Bring in a relationship or taking a huge step like getting married brings on more responsibility for both men and women. 

If you have issues coping with the stress of work, owning a home, caring for kids, etc....then don't be married. Rent a house. Change jobs. It's not an excuse at all for ignoring your partner. 

YOU decide how stressful your life is. It really isn't that difficult to pay attention to your partner while they are speaking to you. That goes for both men and women. 

By the way, women have to adapt to plenty of things as well. Men aren't the only ones that have to change things in a relationship (at least in successful relationships).


----------



## Ynot (Aug 26, 2014)

staarz21 said:


> Bring in a relationship or taking a huge step like getting married brings on more responsibility for both men and women.
> No crap, that is exactly what I have said
> If you have issues coping with the stress of work, owning a home, caring for kids, etc....then don't be married. Rent a house. Change jobs. It's not an excuse at all for ignoring your partner.
> That is so much BS I won't even get into it. Everybody gets stressed out and are not always present. Speaking of listening to your partner, where is in the article does it ever advise a woman to first try to find out why her man may not be present instead of just blaming the man for not being present
> ...


No one said it was an excuse, nor did anyone say women don't and can't adapt. But I have news for you - EVERYBODY worries about these things. But in the case of men, we are just expected to shut up and not feel the stress, because that is what we have been conditioned to believe.
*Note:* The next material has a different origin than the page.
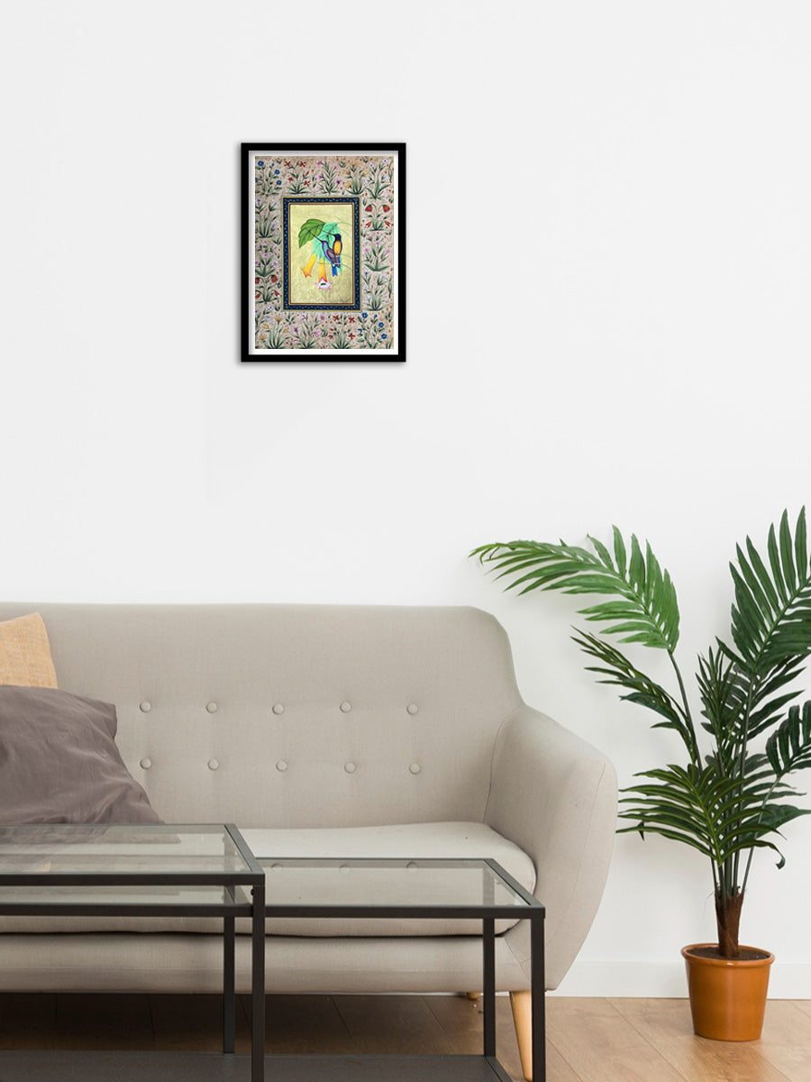 In this exquisite Mughal miniature painting by Mohan Prajapati, two birds perch gracefully on a flowering branch, their vibrant plumage contrasting beautifully with the delicate blossoms surrounding them. The scene is framed by an ornate border adorned with various types of flowers, each petal meticulously rendered to create a harmonious and intricate pattern. The birds, with their slender bodies and sharp beaks, appear almost lifelike, captured in a moment of tranquil repose. The blossoms beside them, in full bloom, add a burst of color and vitality to the composition, enhancing the overall sense of serenity and natural beauty. Prajapati’s masterful use of color and fine brushwork brings each element of the painting to life, from the soft feathers of the birds to the intricate details of the flowers. This painting is more than just an image; it is a celebration of nature’s elegance and the delicate balance found within it. The frame of diverse flowers not only enhances the central scene but also creates a sense of continuity as if the beauty of the branches and birds extends beyond the confines of the painting. The aesthetic beauty of Prajapati’s work, with its rich colors and detailed composition, invites viewers into a peaceful, enchanted world where nature reigns supreme.

Women on the other hand are celebrated as "super women" when they do the same thing. My point was that women have just as much obligation to be present as men do. Many women just expect that men won't "whine or complain" and because of that they don't feel as though they have any obligation to understand why a man may not be "present"
it isn't a matter of not being stressed, it is an issue of the other side recognizing their partner may be equally or more stressed and making an effort to understand that before just deciding that they are "unfulfilled". Instead we only read about how men aren't emotional and only act based on clod hard facts.


----------



## Lukedog (Nov 18, 2015)

The saying is "a husband and wife should function like two wings on the same bird; they must work together or the marriage will never get off the ground."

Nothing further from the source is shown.